At dawn, from the hills, I watched the Suvla Bay Landing spread out in a magnificent panorama before me. I saw the sea, usually just specked with a few small trawlers and a monitor or destroyer, covered with warships and transports and craft of all descriptions. I discerned through the pale morning light the barges and boats, close inshore, discharging troops round the Suvla Bay and Nebrunesi Point. As the sun mounted over the crest of Hill 971, the rays caught the rigging and masts and brasswork of the ships, and they shone and reflected lights towards the fleeing Turks. I saw, too, the British troops pouring over the hills immediately surrounding the Salt Lake. The warships were firing steadily, and, when there was light enough, the observation balloon rose steadily, and stayed in the sky, until attacked by a hostile aeroplane. But, as if anticipating this event, our aeroplanes darted up, and the Taube fled precipitously, and descended in a terrific volplane down behind the high hills. The sea was alive with small pinnaces and boats from the ships. Hospital ships lay in a long line from Gaba Tepe to Suvla Bay. I counted six of them, and they were coming and going all day.

So during the rest of the day the two assaulting columns clung to what they had won—a great gain of 2 miles on the left of Anzac—and the new base at Suvla Bay was secured. But, while the first part of the British 9th Army Corps plans had been successful, and the Navy had achieved another magnificent feat in landing the troops, stores, water, and munitions round the shores of Suvla Bay, the newly landed army under Lieut.-General Stopford were held back all that long day on the very fringe of Salt Lake. I remember how anxiously from the various commanding positions we had gained we watched for the signs of the advance of that British column. Our line bent back sharply to the Damakjelik Hills, that had been captured early the previous night.

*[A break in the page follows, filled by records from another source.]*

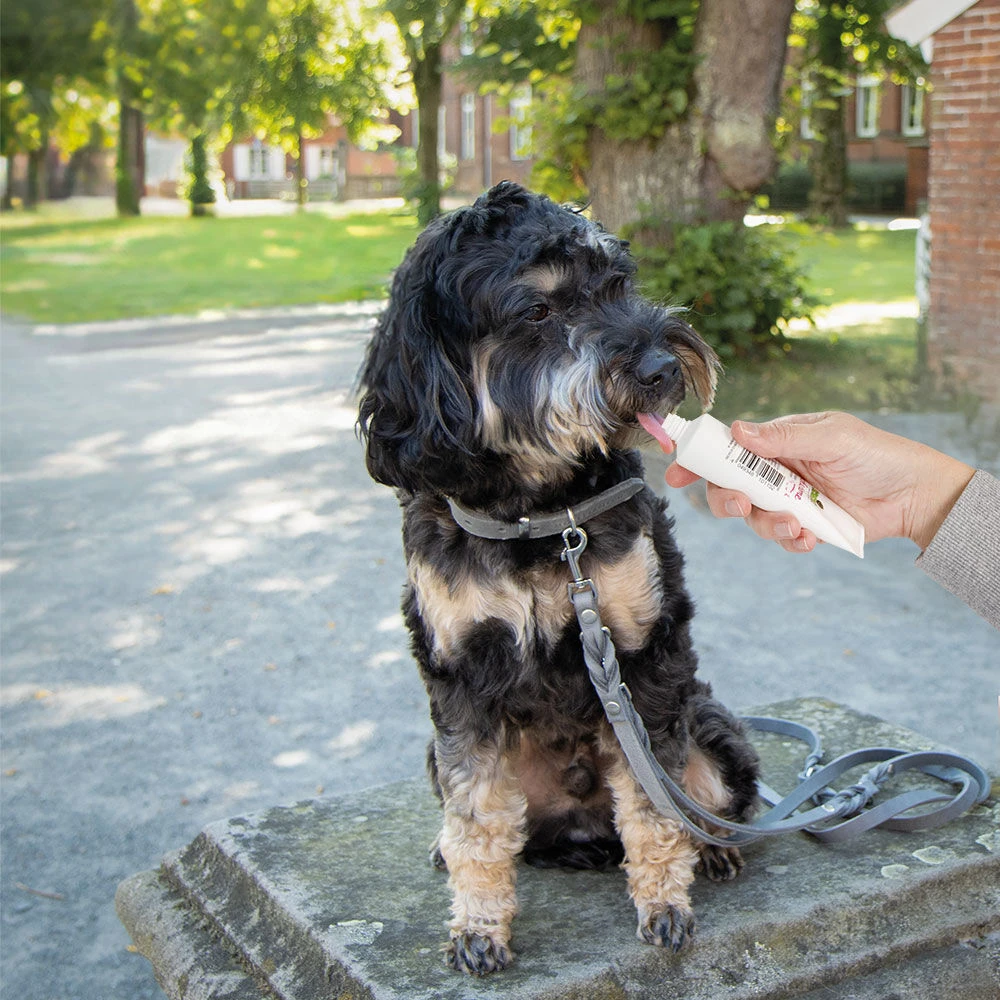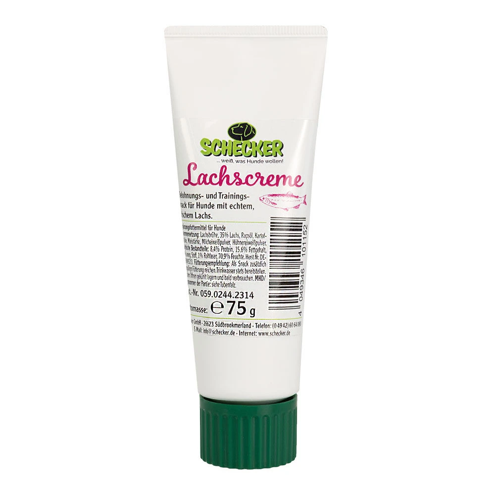 Heerlijk crèmige belonings- en trainingssnack voor honden. Van vers zalmvlees, met raapolie en andere fijne ingrediënten. Helemaal zonder conserveringsmiddelen of andere toevoegingen! Schecker-zalmcrème is de perfecte liksnack voor op het trainingsveld, voor het uitlaten of gewoon voor tussendoor. Een beetje afwisseling voor uw kleine viervoeter en zeer praktisch in gebruik!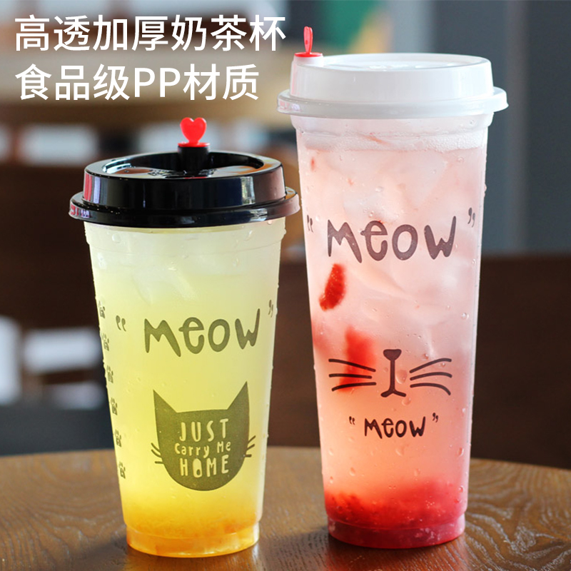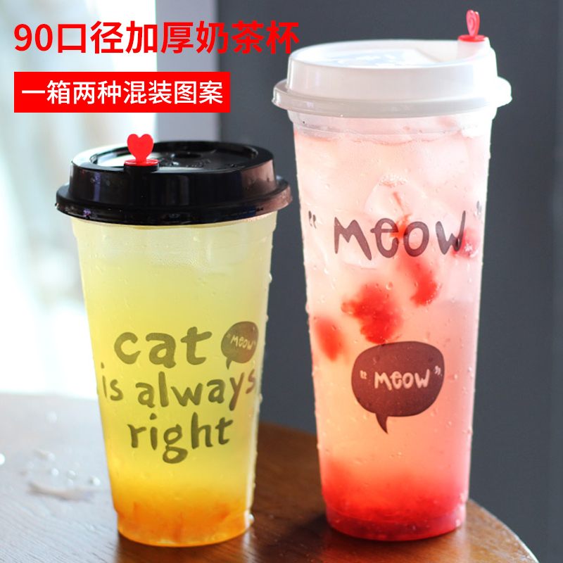 90 caliber milk tea cup plastic cup 700ml disposable juice cup beverage cup thickened with lid sealing plastic cup 500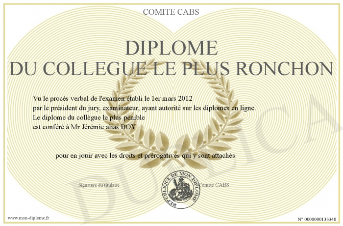 Envoyez par email votre Diplôme du collègue le plus ronchon personalisé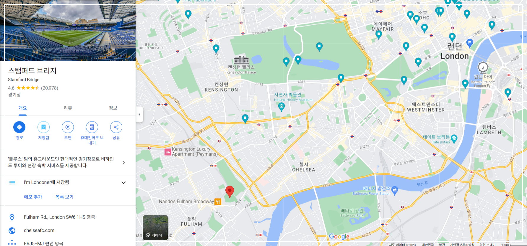 원래는 남편이 오래전부터 응원하던 아스날 홈 에미레이트 스타디움 투어를 예약하려 했지만, 저희가 여행 중인 기간 동안에 음악 콘서트가 잡혀 있어 풀 부킹이더라고요... ㅠㅡㅜ 대신 저희 숙소와 매우 매우 가 가운 첼시의 홈구장 Stamford Bridge 투어를 예약하기로 했어요. 저희 숙소가 켄싱턴에 있는 파크 인터내션널 호텔이었는데, 대중교통으로 15분 밖에 걸리지 않더라고요. 탬즈강을 끼고 북서쪽에 위치한 Stamford Bridge는 하이드파크, 캔싱턴 팰리스, 버킹엄 궁전, 노팅힐 등 관광지와 가까워요. 아래 구글 맵 URL로 자세한 위치를 확인해 보세요.
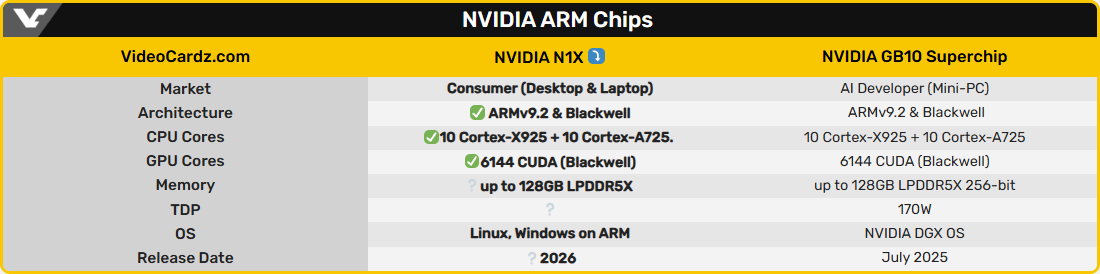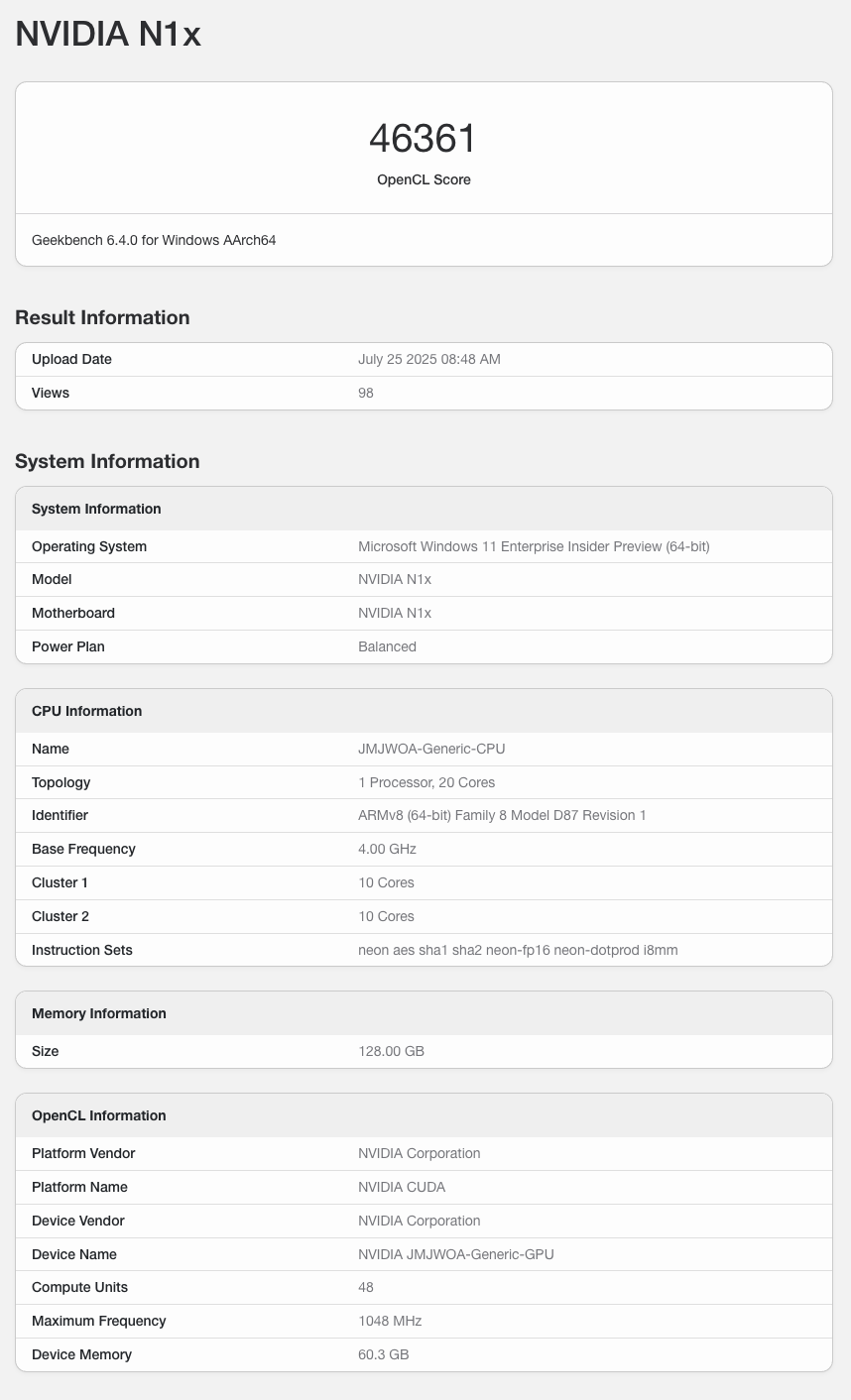 Однокристальна система NVIDIA N1X, призначена для використання в Windows-ноутбуках, продовжує з’являтися в онлайн-базах тестових пакетів. Цього разу вона була помічена в OpenCL-тесті Geekbench, підтвердивши деякі специфікації. Як і очікувалося, за технічними характеристиками вона буде максимально близька до платформи GB10 Superchip, яка використовується в міні-суперкомп’ютерах для штучного інтелекту.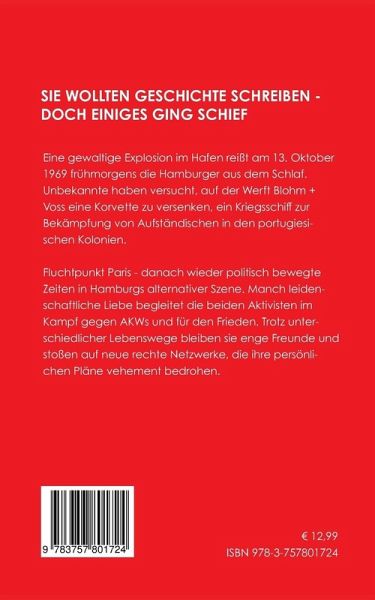 Eine gewaltige Explosion im Hafen reißt am 13. Oktober 1969 frühmorgens die Hamburger aus dem Schlaf. Unbekannte haben versucht, auf der Werft Blohm + Voss eine Korvette zu versenken, ein Kriegsschiff zur Bekämpfung von Aufständischen in den portugiesischen Kolonien. Fluchtpunkt Paris - danach wieder politisch bewegte Zeiten in Hamburgs alternativer Szene. Manch leidenschaftliche Liebe begleitet die beiden Aktivisten im Kampf gegen AKWs und für den Frieden. Trotz unterschiedlicher Lebenswege bleiben sie enge Freunde und stoßen auf neue rechte Netzwerke, die ihre persönlichen Pläne vehement bedrohen.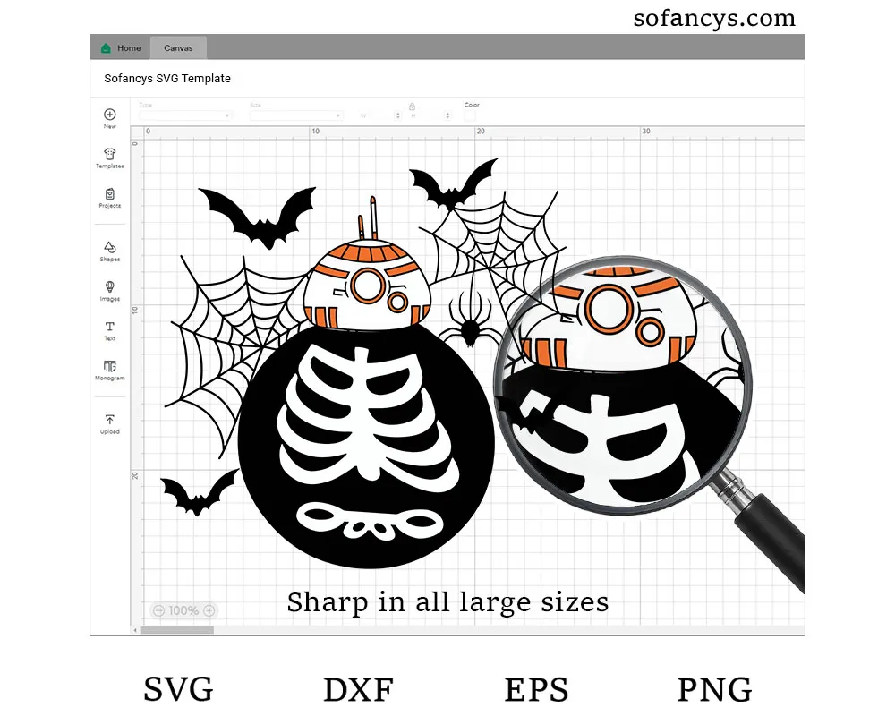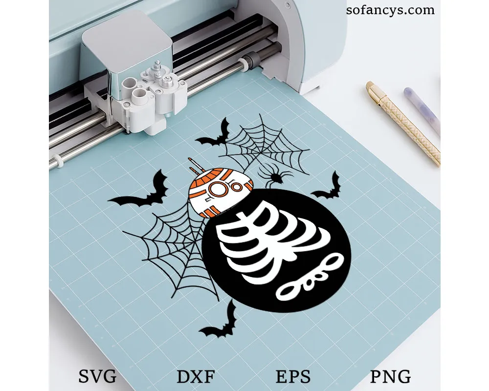 Sofancys introduces the creative BB-8 Skeleton SVG – Star Wars Halloween Spooky Design, blending Star Wars charm with a spooky Halloween twist. This design showcases the beloved droid BB-8 decorated with a skeleton ribcage, surrounded by bats, cobwebs, and spiders for a haunting effect. Ideal for Cricut and Silhouette projects, the BB-8 Skeleton SVG works perfectly on shirts, mugs, stickers, or Halloween party décor. With its fun mix of sci-fi and festive creepiness, this design brings a unique galactic vibe to all your seasonal crafting adventures.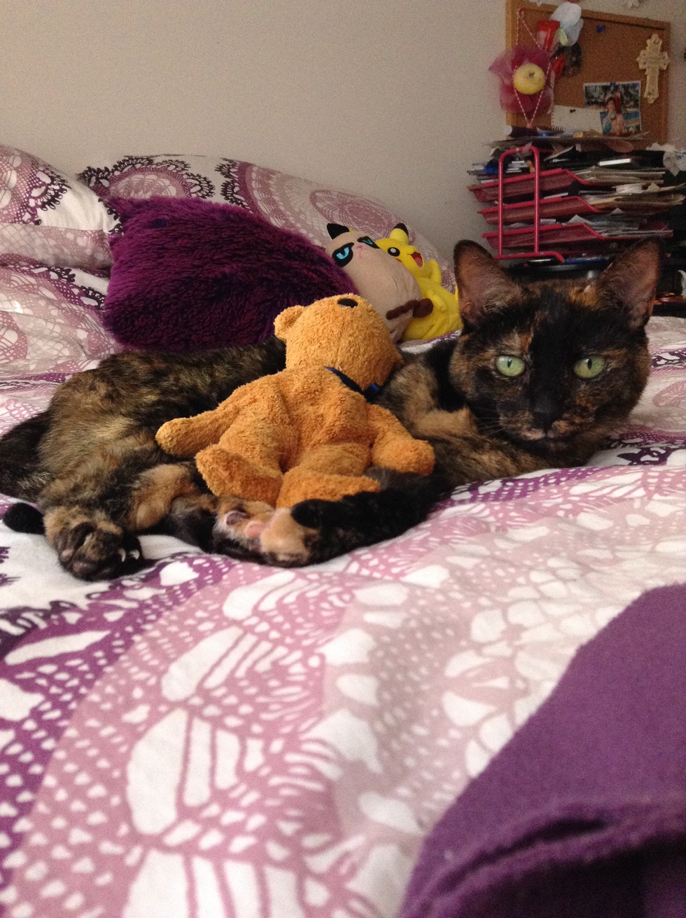 fluff is a tortashell who came to us when she was a 4 week old kitten. shes lives a pampered life at her house and loves a lot of attention from her family.

I am not in a position to explain the delays that occurred on the beach round Nebrunesi Point. Turkish officers have stated how the first reports from their outposts at Suvla Bay, believed the landing to be only a feint. Also how two regiments of gendarmes had held back, with some few machine guns, the British Divisions advancing towards the Chocolate Hills (the first of the series of hills that ran right into Buyak Anafarta), the capture of which was so urgently needed by us to control the attack on the Abdel Rahman Bair ridge, and to protect and support the attack on the main peak, Hill 971.

The great offensive had been auspiciously launched; it had gone well till dawn, in spite of the terrible difficulties of the maze of hills that clustered beneath the Sari Bair ridge. The new expedition had been landed, and had been left an open door to pass through (if it had but had the "punch") into the heart of the Turkish main positions. It is not too much to say that the Turks were thoroughly alarmed, surprised, and bewildered; they knew not now at which spot the great attack was to come. They had massed all their main forces at Cape Helles for an offensive there. Their supports had been hurried up to Anzac. Their reserves were still only on their way up the peninsula, coming from Gallipoli to Suvla Bay. Ignorant of the impending landing, the enemy dashed battalion after battalion against the captured Lone Pine; they recoiled before the stubborn and gallant resistance of its garrison. But by the next dawn they had recovered from the shock, and their resistance had grown powerful. Even then it was not too late. General Hamilton anxiously hastened the final assault.